If you live in a state that taxes estate beyond a certain value, whole life insurance policies would help to reduce the size of your estate as whole life insurance policies are not considered as part of your estate.
This would mean that you will have used a legal way to avoid paying taxes while at the same time ensuring that your family will have a bigger amount given to them as a benefit. In such a case, buying a permanent life insurance policy would be the ideal solution.
Permanent life insurance policies would also be ideal for those who have a family member with special needs. In such a case, it would be best to take up this type of insurance plan where the plan will be held in trust by an irrevocable life insurance trust.
This would ensure that the family member with special needs will live a decent life even after your death.
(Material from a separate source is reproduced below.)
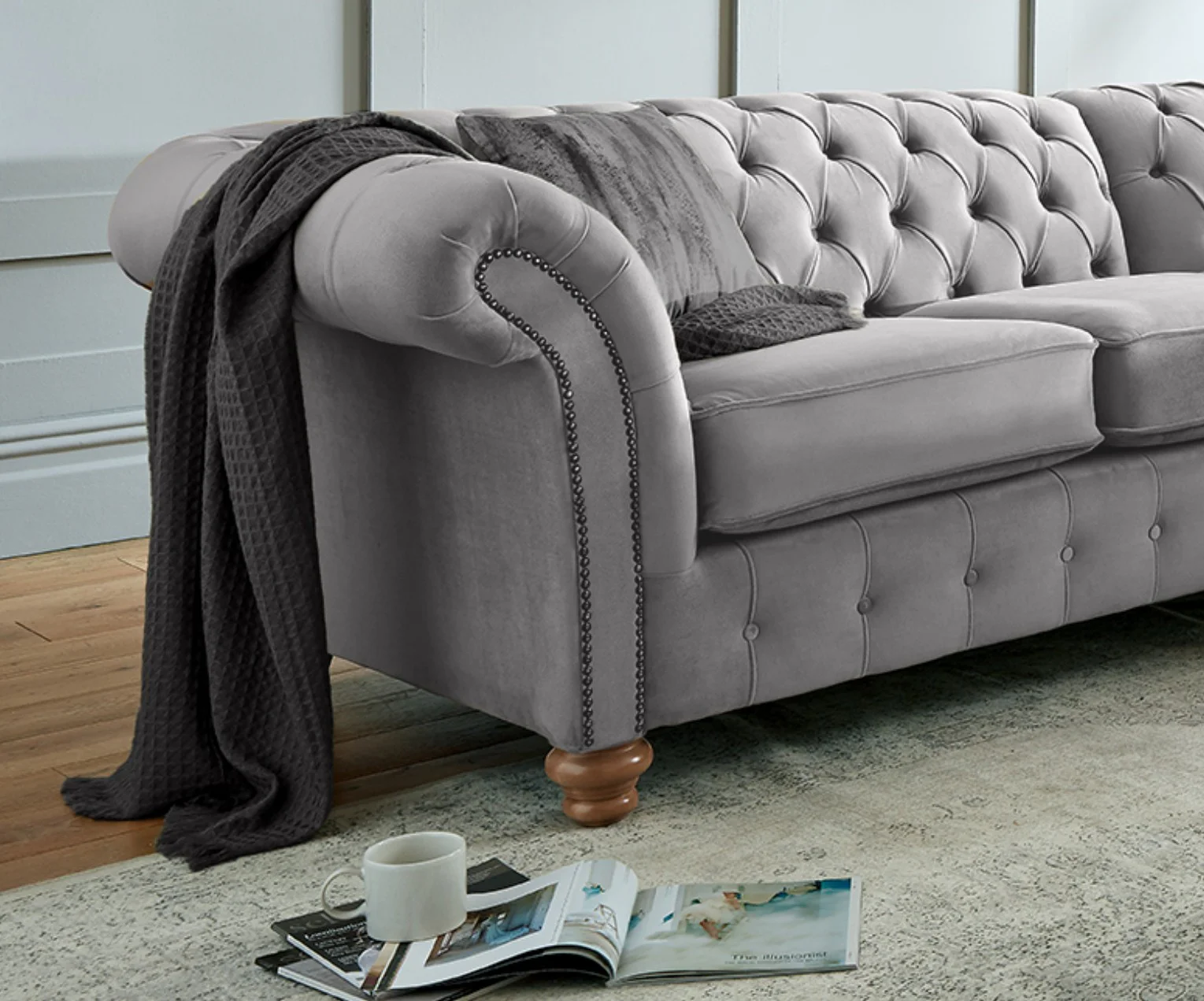 The Winchester fabric sofa collection is one of our most popular models from our shop floor. Featuring sumptuous velvet upholstery on high-quality buttoned backs and studding, there’s little to no competition when it comes to finding a suite that exudes so much elegance! Expertly upholstered in soft yet durable plush fabric, this design offers generous seating, perfect for everything from laid-back lounging to lively gatherings.

The same applies if your family history has a condition that would involve high medical expenses in the future. In such cases, the affected person may not qualify for term insurance in the future which necessitates the early buying of permanent life insurance policies.
Whereas buy term and invest the difference is a good strategy of securing a bright future for yourself and your loved ones, it may not always be the best strategy to use. Several factors, most of which have been discussed here, play a role in determining the best strategy to use.
The bottom line is that all these plans have one common agenda; to save as much as possible, avoid unnecessary taxes, maximize returns, and enjoy a better life after you retire.